I'm not an EJB specialist but for me a bean should not call a class with synchronized code (raison: the concurrency is controlled by the container). A stateful bean can build a cache but only for its own client (concurrent call is not allowed for a Stateful Session Bean).
Renaud


I'm sure that a DBMS implemented in Java uses synchronization, yet is called by an EJB. But perhaps it's a bad example, in that a DBMS runs in a different process, and must observe certain resource-provider J2EE contracts that ordinary developers don't worry about.

What does disturb me is that there is so much repetition of code in the two service locators.
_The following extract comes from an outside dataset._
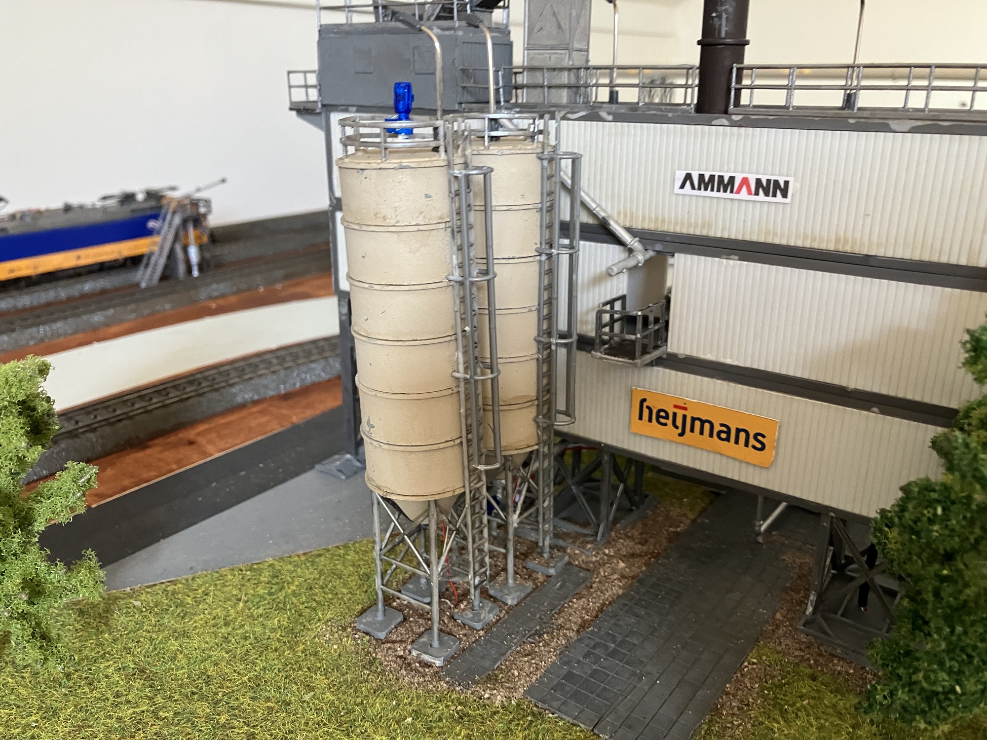 Sinds de laatste update heb ik te maken gekregen met ziekte en ander ongemak waardoor het bouwen aan de modeltreinbaan een andere prioriteit heeft gekregen. Toch is er wel wat bijgebouwd en veranderd. Allereerst is er veel veranderd in de lay-out. Niet het baanplan maar wel in de scenery. Zo is de betonfabriek van de “oude” baan uitgebreid met 8 cement silo’s van Faller. Leuk vind ik de opschriften op de silo’s: “Cement verbindt alles”. Het bouwen van de silo’s is een secuur werkje. O.a. met het beschilderen (met of zonder airbrush) kan je beter wachten tot alles is gelijmd. Anders zitten de gaatjes van de draagframes vol met verf en zijn ze moeilijk te lijmen. Alle silo’s zijn natuurlijk voorzien van verlichting (die nog wel aangesloten moet worden)

That's an Extreme Programming no-no. I suspect that one could implemented such that users of a "getSingletonServiceLocator" routine would use caching, but those using a simple "new ServiceLocator" would not. But the code would then be more confusing; even if you were only interested in one tier, you would still have to understand the needs of the other tier to appreciate the ServiceLocator code. Furthermore, you'd have to package it differently so it could be deployed to both tiers.

Can anyone think of an elegant way to eliminate the code redundancy? Maybe some kind of decorator to the ServiceLocator that adds caching! But the code for the decorator might be just a big as a second ServiceLocator (and harder to read).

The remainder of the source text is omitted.